For our recent cover, Plus spotlighted to very important men advocating for PrEP access in the Latinx community. 

One particular activist-turned-reporter-turned-entrepreneur I love is Michael Rogers, a former ACT UP activist and fundraiser who launched a personal blog whose biggest draw was outing closeted gay politicians who were actively fighting against LGBTQ rights. (The Washington Post once called him the most feared man on Capitol Hill, long before he outed U.S. Rep. Ed Schrock.) 

In 2004, Rogers partnered with John Byrne (above, right), founder of Raw Story, and today the two men own one of the largest privately held collections of online LGBTQ-owned news media companies in the U.S. (which includes Raw Story, AlterNet, and The New Civil Rights Movement).

“We believe the future of true independent journalism is one of self-sufficiency, the absence of corporate parents or a venture capital race for the next dollar,” said Byrne when the duo bought AlterNet, the legendary indie media outlet. “We are excited to create a solid future for AlterNet and The New Civil Rights Movement and to safeguard their important missions of strategic journalism, civil rights and social justice, and politics.”

So imagine my delight to discover that Byrne turned that media money into a solid HIV-prevention organization, Prevention305, and hired a Latinx immigrant to help get the people of Miami on PrEP, and shares their successful outreach methods with any organization who asks.

I’m such a fan of Byrne (and Rogers) that it would have been easy to put the Raw Story founder on the cover of Plus. His years of media creation, political organizing, and now HIV prevention funding is astounding. But as Byrne himself argues, sometimes it’s best for the guy with white privilege to take a backseat. Hence, program manager Marco Torrealba (above, left) gets to represent!

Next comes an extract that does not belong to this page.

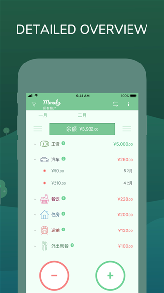 monefy是一款用于记录日常收支的记账工具,主要功能在于帮助使用者清晰掌握每日的资金流向与具体用途,不管是餐饮、交通还是购物等常见开销,都可以快速添加条目进行记录。通过一段时间的持续能够形成比较直观的月度消费概览,从而更容易识别出非必要的支出项目,为调整个人财务习惯提供参考依据。工具在操作逻辑上比较直接,对于希望梳理个人或家庭开销明细的用户来说,是一个较为实用的选择。

In talking about being a white guy running an agency largely for Latinx people, Byrne is aware that “white people have so many structural advantages” when it comes to getting grants for HIV work. “It’s good to see that there are some funders that are now accepting applications in Spanish… but these grants are set up for people to win who went to the Ivy League schools. They’re not set up to necessarily find the people who need the money. The problem with philanthropy, in general, is that rich people get to pick the winners. It’s a terrible system.”

He hopes to change that, at least in Miami. But for now, Byrne and Torrealba are busy changing lives dramatically with the money they have.